Но стремление есть стремление… да, безотчетное, хотя я во многом прекрасно отдаю себе отчет. О, уверяю, прекрасно! Например, в том, как все вокруг удивительно соответствует моим потребностям и представлениям об удобстве, даже поскрипывающее кресло с мягкой подушечкой и похожая на кардинальскую шапочка, надеваемая мною во время служения… служения музам, как все отвечает моим вкусам и как мне хорошо на этой открытой, обласканной утренней свежестью террасе. Террасе с немного осевшим полом, выложенным каменными, кое-где потрескавшимися плитами, прихотливо обвивающими столбы цветочными гирляндами и шарами подстриженных кустов в глиняных рассохшихся кадках.
Между замшелыми плитами мелькают юркие ящерки с раздувающимся зобом, на двойные перила низкой решетчатой ограды, опоясывающей террасу по окружности, садятся райские птицы, роняя изумрудного цвета перья и оставляя легкие пушинки. И прозрачная сень из экзотических, благоухающих, дивных растений, поддерживаемых деревянной решеткой, не позволяет слишком припекать солнцу.
И не беда, что – если присмотреться, – райские птицы окажутся обыкновенными горлинками и голубями, воркующими от любовной истомы (но среди них есть и соловьи – хоть и серые, невзрачные, но скоро они запоют!), а растения – плющом или диким виноградом. Все равно они - необыкновенные, и мне среди них несказанно хорошо, тем более что на меня смотрят заснеженные великаны - небывалой голубизны горы, увитые понизу молочно-алым туманом и поросшие пятнистым, тигриной окраски бамбуком.

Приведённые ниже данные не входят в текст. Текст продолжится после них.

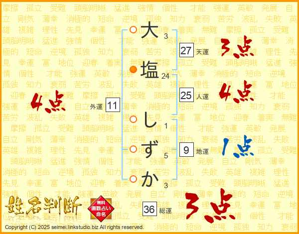 大(3画)塩(24画) し(1画)ず(5画)か(3画)

К тому же погода стоит восхитительная, и день обещает быть совершенно великолепным…
А если взять схваченную по окуляру
Вот вынырнула из ручья, плеснув хвостом, ослепительно блеснула на солнце серебристая форель, которую здесь не ловят, не забрасывают сети, не ставят вершей и не нанизывают на крючок удочки приманку - жирных червей и мотыльков. Вот павиан, одной рукой (именно рукой, а не лапой) ухватился за ветку и повис на ней, скромно и благочестиво опустив глаза. А вот затаившийся в зеленой, с нежно-салатовым отливом, тине крокодил и бесстыдно разлегшийся на горячем песке, великолепный в своем откровенном, чудовищном безобразии (или безобразный в великолепии) бегемот. Оба они - столь же причудливые создания, воплощение творческой силы Всевышнего, которыми Он любуется и гордится, как дитя своими игрушками (недаром египтяне почитали их как божества).
А какие огромные, волшебно прекрасные бабочки порхают надо мной, показывая златотканый, парчовый узор своих крыльев! Одна из них опустилась на ложку в стакане и, перебирая лапками, шевеля усиками, вожделенно устремилась к ломтику лимона, надеясь удовлетворить любопытство и живейший светский интерес к нему, усиленный тем, что на лимоне сохранились столь лакомые для сладкоежки крупинки сахара.
Ну, и жуки! Конечно, жуки! Как же без жуков, которых недаром зовут майскими (ведь сейчас именно май)! Хоть они и жутко трещат крыльями, двигают своими рогами и клешнями, но лишь на вид кажутся страшными и ужасными. Сами же – добрейшие, кроткие, безобидные существа.
И меня окружают нежно любимые мною друзья - вон они едва видны внизу, на мелькающих сквозь пальмовые ветки тропинках роскошного сада – уменьшенные из-за значительного расстояния меж нами, но различимые и узнаваемые фигурки. Здесь среди гор с помощью приборов столь же совершенных, сколь простых и удобных в обращении они ведут постоянные метеорологические наблюдения. Им мои друзья придают большое значение, поскольку состояние погоды для них – прежде всего показатель нравственный и метеорология непосредственно связана с теологией, царицей наук, и философией, ее верной служанкой.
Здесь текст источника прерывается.